LAS VEGAS Last season, Matt Kenseth set the tone of his successful first season at Joe Gibbs Racing with his victory at Las Vegas Motor Speedway.
Kenseth was by far the best in the Sprint Cup Series in 2014 on 1.5-mile intermediate tracks with an average finish of 5.73, including other wins at Kansas, Kentucky and Chicagoland.
It’s possible, however, Kenseth and his JGR teammates might have their signals crossed heading into Sunday’s Kobalt Tools 400 – at least when it comes to qualifying.
“I was depressed last week not making (the top) 12 – this week I couldn’t make (the top) 24. It was really bad,” said Kenseth, who will start 29th on Sunday. “I’ve got to figure out what I’m doing wrong.
“I’m not sure what went wrong. We worked on qualifying pretty hard. We were off a little bit, but I didn’t think we were off nearly this far. I’ve got to get better at it, for sure.”
NASCAR’s new aerodynamic package – designed primarily for the intermediate tracks – also gets its debut Sunday, and those changes may negate some of the advantage Kenseth and JGR teammates Denny Hamlin and Kyle Busch held from last season.
All three will have to battle from the back of the field if they are to have a shot at winning Sunday’s race. Busch will start 20th and Hamlin 27th.

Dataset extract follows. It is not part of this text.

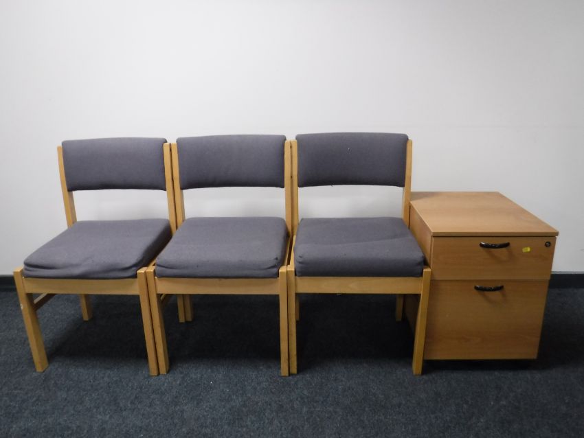 A two drawer beech chest and three chairs

One trait Kenseth held throughout all of last season – other than his trademark consistency – was his speed. Week-in and week-out he had one of the fastest cars.
Through the season’s first two races, Kenseth hasn’t led a single lap, and the three JGR drivers have led 35 of the 512 laps raced.
Kenseth said it was difficult to tell whether JGR had lost any of its advantage on intermediate tracks this season.
“Nobody’s raced here, obviously, with this new no ride-height rule and with the new aero package and the bigger spoiler and all that stuff,” he said. “It’s a little bit of an unknown really, until you get going.”
Kenseth’s domination on the intermediate speedways last season played a big role in his ability to battle for the series championship. He would love to replicate that success on the intermediate tracks, which make up 11 of the 36 points-paying races on the 2014 schedule.
“I feel like when you get back from California you kind of have a pretty good idea where you stack up compared to your competition because you’ve been on a superspeedway, you’ve been on a flat mile, and you’ve been at an intermediate like (Las Vegas),” he said.
“It’s still early in the season – I don’t think in the first handful of races you can really predict where you’re going to be at the end of the year because things change a lot.”
Even so, were Kenseth to get through the first handful of races without a win or run consistently poorly, it would certainly raise a red flag over the driver who outran everyone else in 2013.
“The rules package is a fair amount different than it was last year. Obviously that’s going to evolve. Either the people that are ahead of you, you may get caught up to them a little bit or vice versa,” Kenseth said.
“I think certainly after the next few weeks you kind of get an idea of where you are, where your strong suits are and where you need to improve.”
Right now, it might seem like improvement is needed everywhere. But you can never be too certain.
Kenseth was a surprise last year as he enjoyed his most prolific season in the Cup series which kicked off with a win at Vegas. He ended the year with seven wins and the most laps led in his career.
“Success is great while you’re having it. But what we did last year has just about zero impact on this year,” Kenseth said.
“Some people, they get on a roll, and maybe they get more confident or maybe even arrogant. Some of that works for them. That doesn’t work for me.”